EU strategy documents focus on decarbonising transport. The European Commission’s 2018 strategy, ‘A Clean Planet for all: A European strategic long-term vision for a prosperous, modern, competitive and climate neutral economy’, seeks to chart the course for a transition towards ‘net-zero’ greenhouse gas emissions across the EU by 2050. For transport, it underlines the need for a system-based approach, stresses the importance of switching to low-carbon modes and zero-emission vehicles, underlines the central role of electrification and renewable energy sources, and pushes for operational efficiency improvements.
Similarly, from 2016, the ‘European Strategy for low-emission mobility’ has identified a more efficient transport system, the rapid deployment of low-emission fuels and the transition towards low- and zero-emission vehicles as priority areas for action (EEA, 2020).

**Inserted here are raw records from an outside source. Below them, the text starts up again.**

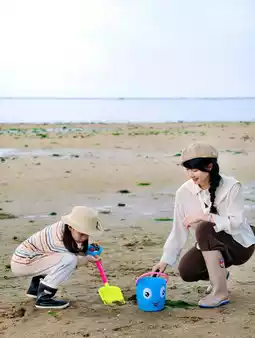 🔹Beachcombing: Aim at the tide table, bring small tools, and you can go to the beach under the boardwalk to dig~ There are many shells and small crabs here, and the children have a great time~
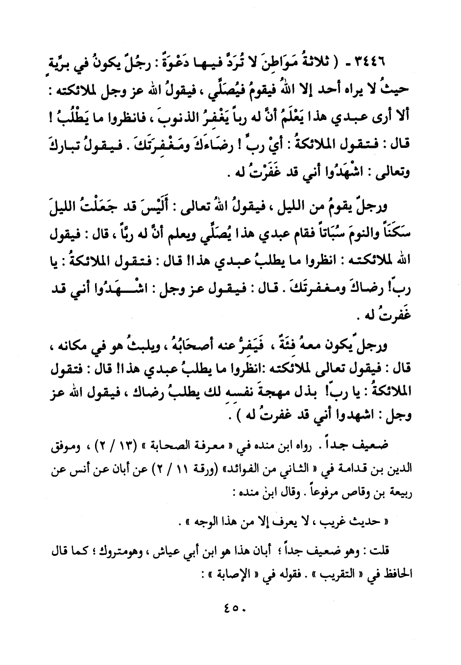 3446 - (ثلاثة مواطن لا ترد فيها دعوة: رجل يكون في برية حيث لا يراه أحد إلا الله فيقوم فيصلي، فيقول الله عز وجل لملائكته: ألا أرى عبد ي هذا يعلم أن له ربا يغفر الذنوب، فانظروا ما يطلب! قال: فيقول الملائكة: أي رب! رضاءك ومغفرتك. فيقول تبارك وتعالى: اشهدوا أني قد غفرت له.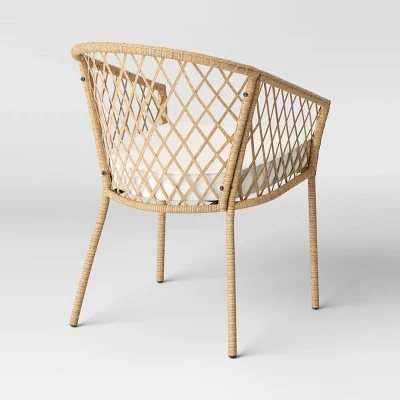 Add coastal charm to your outdoor space with these Exmore 2-Pack Barrel Patio Dining Chairs from Threshold™. This set of two barrel dining chairs features off-white cushioned seats and a cane-like design with a crisscross pattern on classic barrel silhouettes to provide an inviting seating solution for family and friends. Designed with weather-resistant qualities for lasting outdoor use, these dining chairs will be an integral part of your al fresco dining experience.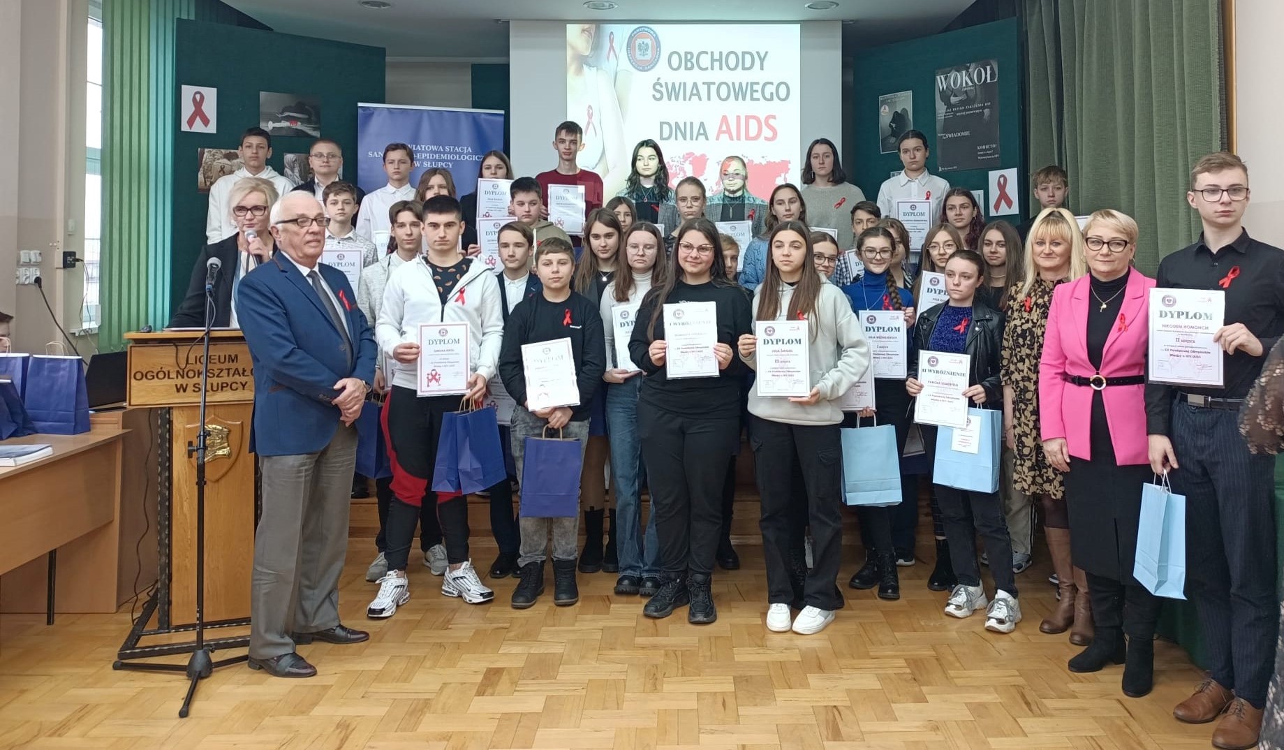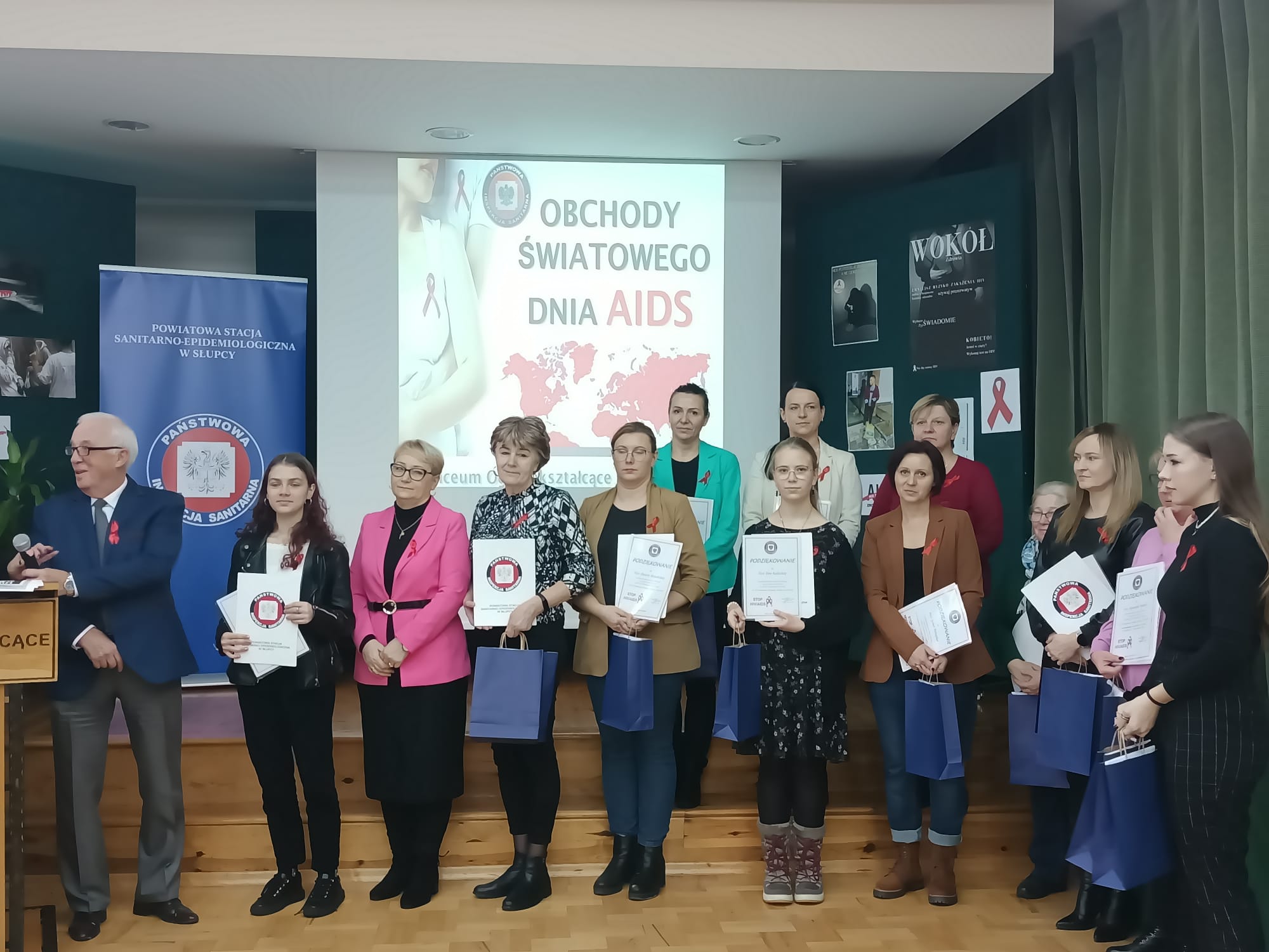 W Liceum Ogólnokształcącym w Słupcy 9 grudnia br pion Oświaty Zdrowotnej i Promocji Zdrowia Powiatowej Stacji Sanitarno – Epidemiologicznej w Słupcy zorganizował Obchody Światowego dnia AIDS.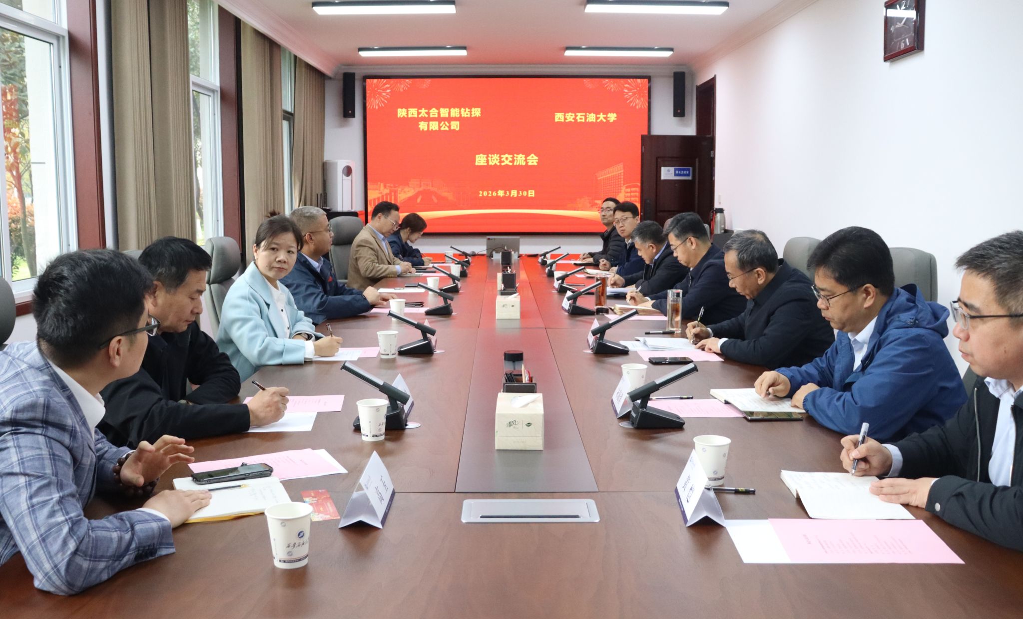 3月30日上午,陜西太合智能鉆探有限公司董事長王義紅一行蒞臨我校鄠邑校區(qū),雙方圍繞科研項目立項、新能源事業(yè)發(fā)展、國際合作拓展等核心議題開展深入交流。校長王進富出席座談會,會議由黨委副書記張木主持。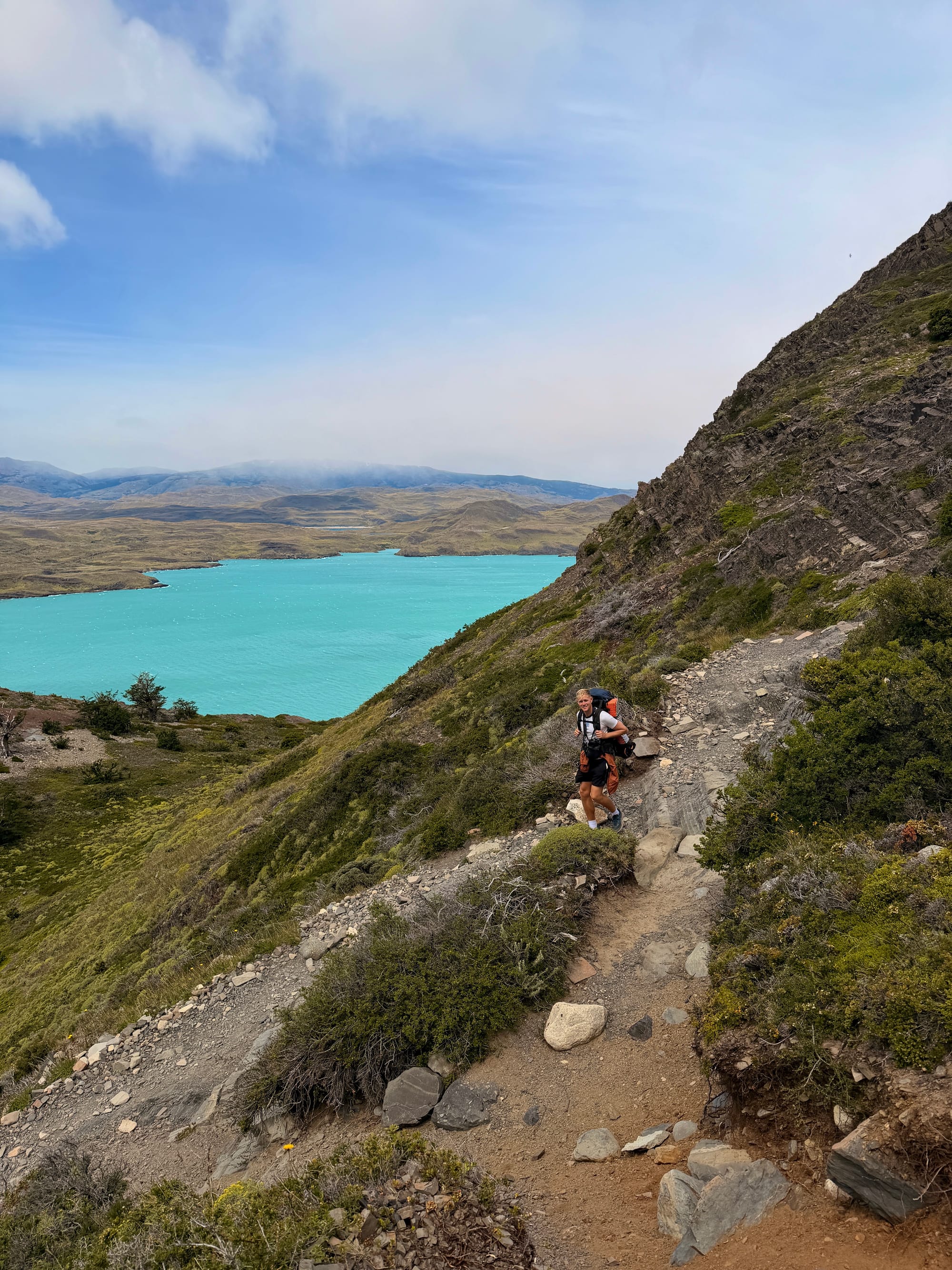 We got up early, met our friend Matt, and started the hike at 7:30am. It was a pretty flat start, with amazing views of the surrounding lakes and mountains. From Paine Grande you hike to Italiano, which is around 7.5km. It took us 2 hours to get to Italiano, which is where you can drop your big bags off. They let you store your bags there, as the hike up to Británico is very steep and hard, so you don’t want to be doing it with a heavy bag.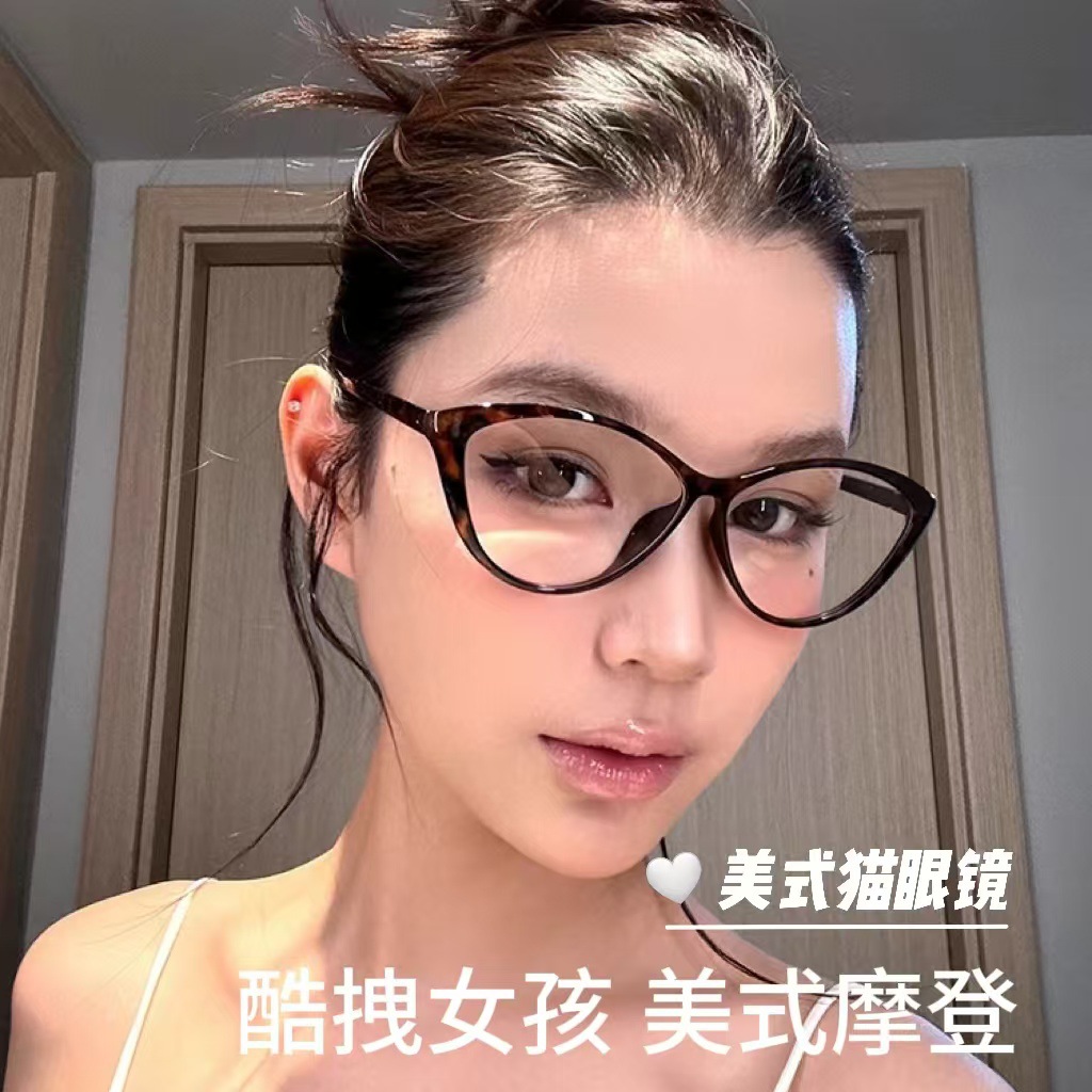 European and American Spice Girl TR90 Ultra Light Cat Shaped Myopia Glasses Black Frame Women's Plain Retro Modern Anti-Blue Light Flat Frame

In the context of these policies, the FQD (together with the Renewable Energy Directive) shall ensure that fuels from renewable sources such as crops and oils do not have negative impacts on land use, e.g. converting pasture or agricultural land previously destined for food and feed markets to biofuel production, while at the same time reducing the lifecycle greenhouse intensity of road fuels through the inclusion of biofuels.
Environmental relevance: The blending of biofuels is one of the methods available for fossil fuel suppliers to reduce the greenhouse gas intensity of the fossil fuels supplied. Where pasture or agricultural land previously destined for food and feed markets is diverted to biofuel production, the non-fuel demand will still need to be satisfied either through intensification of current production or by bringing non-agricultural land into production elsewhere. The latter case constitutes indirect land-use change and, when it involves the conversion of land with high carbon stock, it can lead to significant greenhouse gas emissions (Directive 2015/1513/EU). The FQD includes provisions to address the impacts of indirect land-use change while monitoring to what extend the share of biofuels in road transport fuels is increasing.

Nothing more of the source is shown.